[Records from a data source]
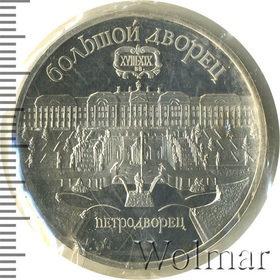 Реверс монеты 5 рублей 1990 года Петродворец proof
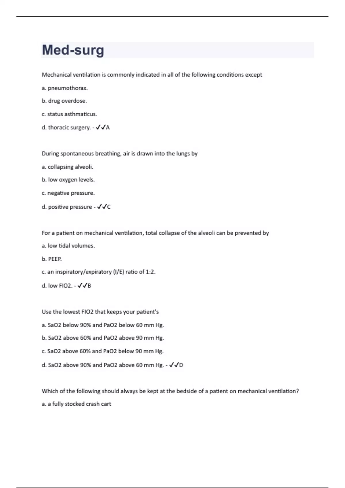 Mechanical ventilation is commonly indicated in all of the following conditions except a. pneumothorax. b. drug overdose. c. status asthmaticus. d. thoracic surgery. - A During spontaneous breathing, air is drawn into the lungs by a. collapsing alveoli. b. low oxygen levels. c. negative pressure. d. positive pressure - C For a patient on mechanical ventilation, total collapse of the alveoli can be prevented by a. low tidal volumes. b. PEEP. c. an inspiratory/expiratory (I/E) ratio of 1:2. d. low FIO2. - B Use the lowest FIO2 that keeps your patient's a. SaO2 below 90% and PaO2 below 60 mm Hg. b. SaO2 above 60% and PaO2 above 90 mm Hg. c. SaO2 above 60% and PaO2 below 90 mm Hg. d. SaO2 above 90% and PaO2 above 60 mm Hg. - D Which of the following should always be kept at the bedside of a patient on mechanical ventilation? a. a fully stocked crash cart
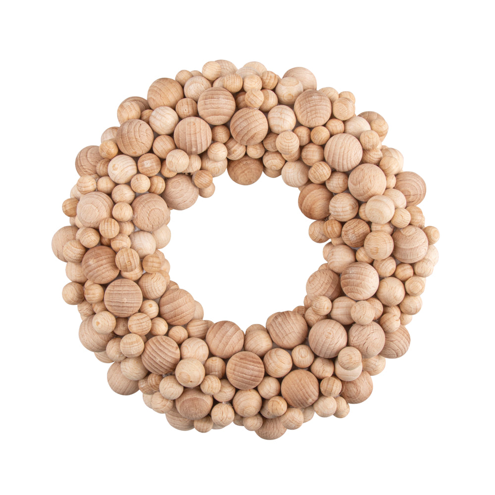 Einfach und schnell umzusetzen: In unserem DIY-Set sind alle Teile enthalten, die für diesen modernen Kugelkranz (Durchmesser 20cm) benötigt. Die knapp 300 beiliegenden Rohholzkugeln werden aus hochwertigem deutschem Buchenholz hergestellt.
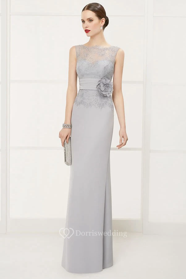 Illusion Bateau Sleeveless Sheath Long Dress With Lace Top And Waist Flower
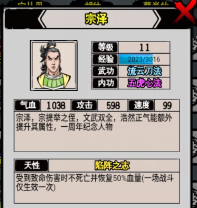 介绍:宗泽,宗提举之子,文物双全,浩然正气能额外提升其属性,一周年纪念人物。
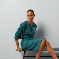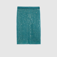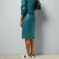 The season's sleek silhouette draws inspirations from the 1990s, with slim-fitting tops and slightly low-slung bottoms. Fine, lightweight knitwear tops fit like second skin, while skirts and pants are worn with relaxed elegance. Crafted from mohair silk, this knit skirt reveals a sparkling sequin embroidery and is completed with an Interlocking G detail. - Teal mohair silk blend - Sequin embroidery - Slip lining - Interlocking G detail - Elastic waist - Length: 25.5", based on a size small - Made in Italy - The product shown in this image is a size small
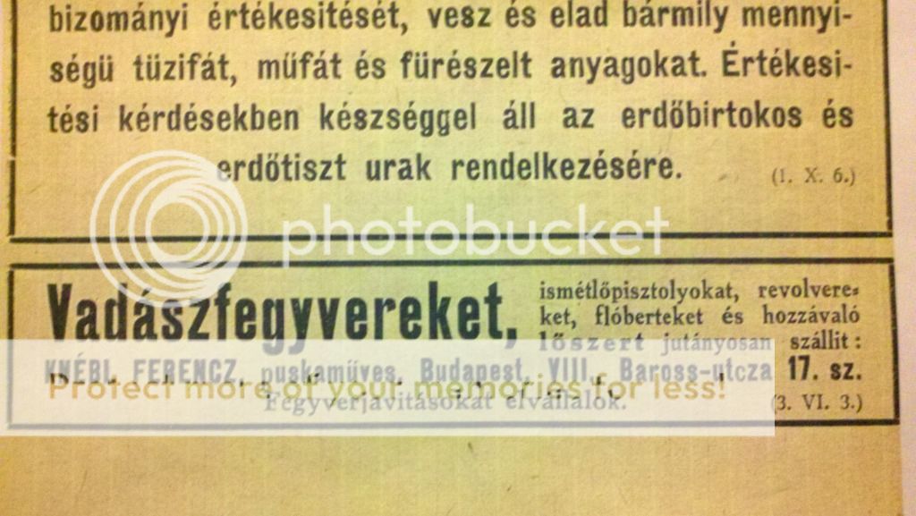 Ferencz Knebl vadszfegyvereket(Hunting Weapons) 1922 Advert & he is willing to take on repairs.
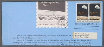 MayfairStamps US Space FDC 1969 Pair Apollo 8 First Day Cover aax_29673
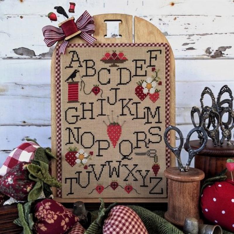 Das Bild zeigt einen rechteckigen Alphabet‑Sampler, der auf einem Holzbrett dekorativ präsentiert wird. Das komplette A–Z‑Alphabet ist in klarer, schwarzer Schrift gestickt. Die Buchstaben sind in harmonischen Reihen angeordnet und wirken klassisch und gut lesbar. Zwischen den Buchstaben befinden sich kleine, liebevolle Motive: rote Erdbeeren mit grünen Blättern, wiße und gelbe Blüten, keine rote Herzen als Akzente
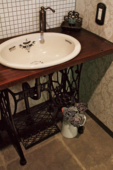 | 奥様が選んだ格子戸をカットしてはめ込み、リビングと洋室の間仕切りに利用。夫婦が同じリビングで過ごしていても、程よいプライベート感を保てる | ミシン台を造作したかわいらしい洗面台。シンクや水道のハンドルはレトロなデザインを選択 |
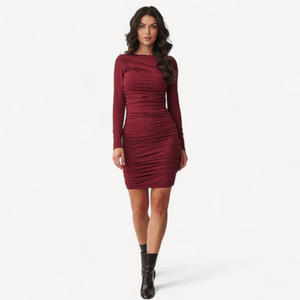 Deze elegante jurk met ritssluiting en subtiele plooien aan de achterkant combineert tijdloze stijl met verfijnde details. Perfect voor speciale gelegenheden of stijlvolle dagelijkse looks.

EXERCISE AIM - The lines wanted run from the line containing "介绍:宗泽,宗提举之子,文物双全,浩然正气能额外提升其属性,一周年纪念人物。" through the end of the entries; return them exactly, both ends included, and keep pictures out.

TASK OUTPUT -
 介绍:宗泽,宗提举之子,文物双全,浩然正气能额外提升其属性,一周年纪念人物。
 The season's sleek silhouette draws inspirations from the 1990s, with slim-fitting tops and slightly low-slung bottoms. Fine, lightweight knitwear tops fit like second skin, while skirts and pants are worn with relaxed elegance. Crafted from mohair silk, this knit skirt reveals a sparkling sequin embroidery and is completed with an Interlocking G detail. - Teal mohair silk blend - Sequin embroidery - Slip lining - Interlocking G detail - Elastic waist - Length: 25.5", based on a size small - Made in Italy - The product shown in this image is a size small
 Ferencz Knebl vadszfegyvereket(Hunting Weapons) 1922 Advert & he is willing to take on repairs.
 MayfairStamps US Space FDC 1969 Pair Apollo 8 First Day Cover aax_29673
 Das Bild zeigt einen rechteckigen Alphabet‑Sampler, der auf einem Holzbrett dekorativ präsentiert wird. Das komplette A–Z‑Alphabet ist in klarer, schwarzer Schrift gestickt. Die Buchstaben sind in harmonischen Reihen angeordnet und wirken klassisch und gut lesbar. Zwischen den Buchstaben befinden sich kleine, liebevolle Motive: rote Erdbeeren mit grünen Blättern, wiße und gelbe Blüten, keine rote Herzen als Akzente
 | 奥様が選んだ格子戸をカットしてはめ込み、リビングと洋室の間仕切りに利用。夫婦が同じリビングで過ごしていても、程よいプライベート感を保てる | ミシン台を造作したかわいらしい洗面台。シンクや水道のハンドルはレトロなデザインを選択 |
 Deze elegante jurk met ritssluiting en subtiele plooien aan de achterkant combineert tijdloze stijl met verfijnde details. Perfect voor speciale gelegenheden of stijlvolle dagelijkse looks.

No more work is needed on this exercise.